Very confused through the wording of the question.
We need to solve this system .....it's a little tedious, so I used WolframAlpha to solve it....however....I could go through it if you wanted.....
(-28- h)^2 + (784 - k)^2 = r^2
(-2 - h)^2 + ( 4 - k)^2 = r^2
(13 - h)^2 + (169 - k)^2 = r^2
The center of the circle is at (h, k) = (-2475, 312) and r^2 = 6210593
The equation of the circle is ( x+ 2475)^2 + (y - 312)^2 = 6210593
Here's a graph : https://www.desmos.com/calculator/7uay3uslee
We can find the other "x" intersection point thusly ...sub x^2 for y in the equation of the circle and we have that
(x^2 + 2475)^2 + (x^2 - 312)^2 = 6210593
I also used WolramAlpha to solve this....again....I can go through it if you want
The last intersection point x value = 17
So y = x^2 = 17^2 = 289
So the last intersection point is (17, 289)

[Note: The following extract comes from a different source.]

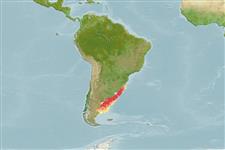 Benthic; brackish; depth range 36 - 64 m (Ref. 111861), usually 36 - 58 m (Ref. 111862).  Tropical, preferred 14°C (Ref. 107945); 31°S - 50°S, 69°W - 50°W (Ref. 85437)

The focal distance, a, is given by
4ay = x^2
4(1/4)y = x^2
y = x^2
So a = 1/4
The vertex of the parabola = (0, 0)
And the focal point = (0, 0 + a) = ( 0 , 0 + 1/4) = (0, 1/4) = (0, .25)
So....now all youhave to do is to find each of the distances from the four intersection points to the poiint (0, .25)
Can you do this???? [ Note.....some technology (like WolframAlpha) might help with these calculations ]
Why hello there, Mathcounts Trainer Contest cheater, I hope you have a fine time cheating your way up the leaderboards. I wish you best luck!
Thanks! I checked it again through WolframAlpha. Its correct.